Wakaf selalu erat dengan sosial. Karena itu pemanfaatan wakaf pada umumnya seringkali digunakan dalam bentuk madrasah, masjid, mushalla, dan pemakaman. Pemanfaatan dengan cara ini tentu tidak salah. Namun dengan dikelola secara pasif, maka diperlukan pembiayaan untuk operasional.

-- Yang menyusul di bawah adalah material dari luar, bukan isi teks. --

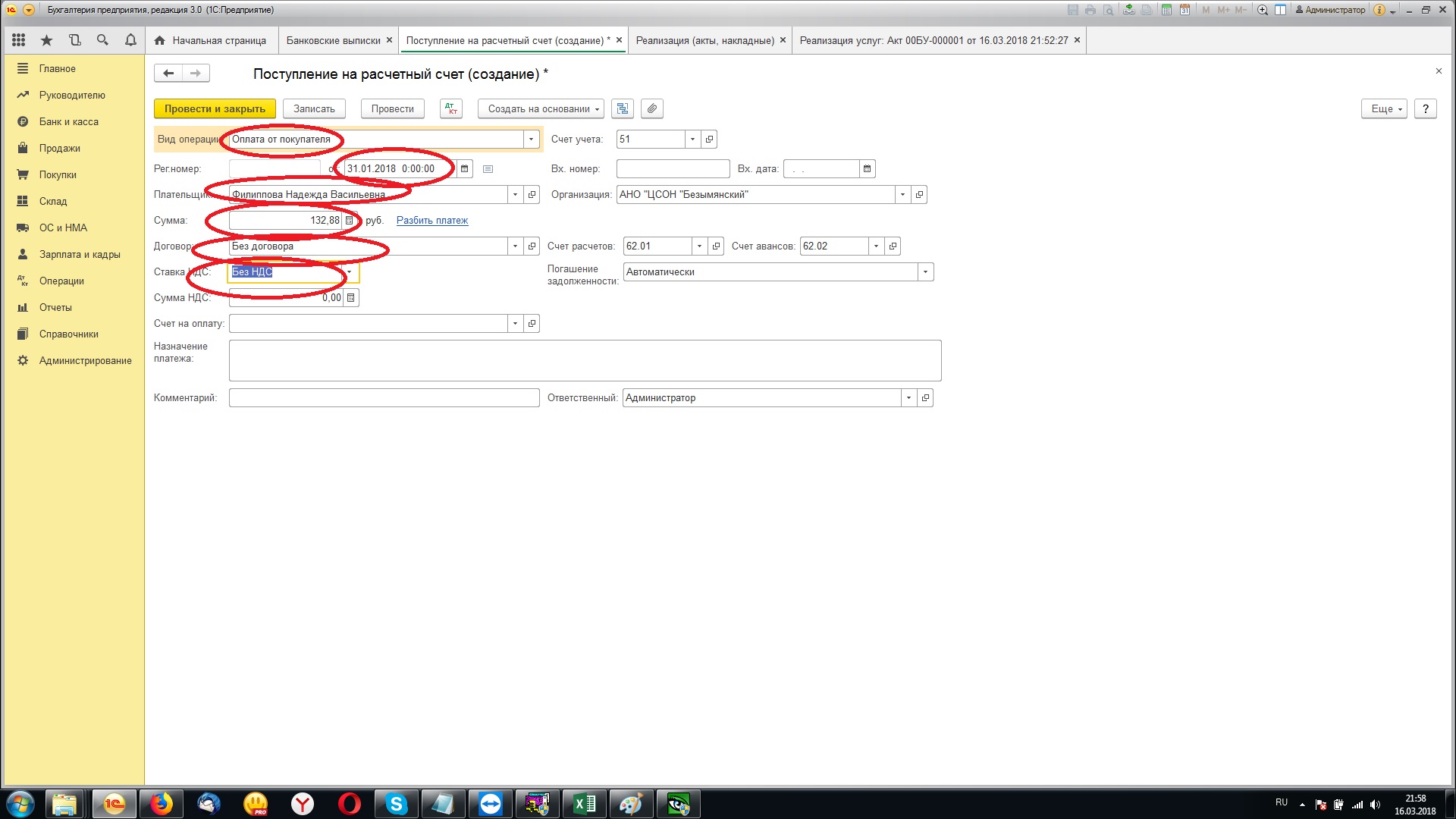 1. Из txt загружаем документы «Поступление на расчетный счет».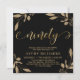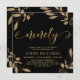 Chic Botanical Black e Dourado Concurso de aniversário do 90 de de 90. Este convite de aniversário moderno modelo apresenta o texto "noventa" do na moda em uma enorme folha de ouro falso, escrita por caligrafia (ou tipografia) manuscrita com caudas de haste, folhagem botânica de folha de ouro falsa em volta, detalhes da festa em cor dourada sobre fundo preto. Perfeito para comemorar os 90 anos em estilo, este convite adiciona um toque de glamour a qualquer partido, tanto para homens quanto para mulheres.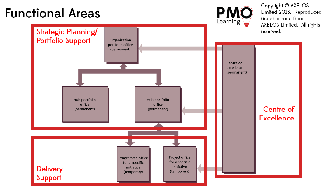 The image also shows the functional areas – or the different types of PMOs and what those PMOs predominantly do. Programme and project offices are mainly providing delivery support, whereas organisational portfolio offices are focused on portfolio management work plus the more strategic planning work.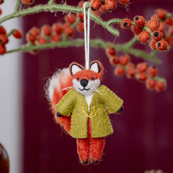 Wolvilt Hanger Vos Indian Summer - Lichtgroen - Fairtrade Homedeco - 13x9cm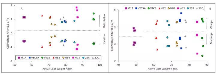 分析充放電速率的一種簡易方法是繪制2C的放電容量與C/5容量的比值。如圖二所示:每種類型的電極至少制成了三個電池來進行測試。這些點的分布表明,涂層重量和功率容量都有變化。這九種負極 (從M1A到48G)的2C/ C/5的容量比隨著涂層重量的增加有明顯的線性趨勢。擁有高功率: 能量比的電池通常具有較低的面積比容量,這與較低的涂層質(zhì)量有關(guān)。三星48G電池具有最大的能量密度,因此有最高的涂層質(zhì)量,和最差的2C快充性能。正極也展現(xiàn)了類似的2 C: C/5容量比與活性涂層質(zhì)量的關(guān)系:48G正極具有迄最高的涂層重量??傮w而言,正極的2C: C/5比值要比負極的低。

Problematika ini sebenarnya dapat dihindari jika wakaf dikelola secara produktif dalam kegiatan-kegiatan ekonomi yang menghasilkan surplus.
Seperti diproduktifkan dalam sektor properti, kuliner, wisata, tambang, dan sebagainya. Kegiatan bisnis berbasis wakaf yang dilakukan ini pun kemudian dikenal dengan istilah wakafpreneur.
Wakafpreneur dalam aktivitasnya tidak hanya menghasilkan surplus secara produktif, tapi juga demi kepentingan umat. Sebab yang dikelola adalah bisnis berbasis wakaf, sehingga surplusnya pun disalurkan kembali kepada masyarakat.
Karena itu dengan mengelola bisnis berbasis wakaf, seorang wakafpreneur juga harus memiliki skill sebagai nazhir untuk menjaga harta wakaf tetap ada.
Pada hakikatnya, wakaf berbeda dengan zakat dan sedekah yang dapat habis dimanfaatkan oleh penerima manfaat. Wakaf harus dikelola secara berkelanjutan agar manfaat dan kebaikannya dapat terus-menerus mengalir.
Hal ini berkaitan dengan makna wakaf itu sendiri yang diartikan sebagai pembekuan hak milik atas zat benda (al ‘ayn) untuk tujuan menyedekahkan kegunaannya (al manfa‘ah) bagi kebajikan atau kepentingan umum.
Sehingga harta/benda yang diwakafkan tidak boleh diwariskan, dijual, dihibahkan, dan digadaikan, sesuai dengan akad (sighat) wakaf.
Maka wakafpreneur yang juga diberi kewenangan dalam mengelola harta wakaf untuk dapat produktif, mempunyai tanggungjawab untuk memelihara harta wakaf agar dapat sustainable. Baik berkelanjutan bisnisnya, juga berkelanjutan menebar manfaat untuk mereka yang membutuhkan.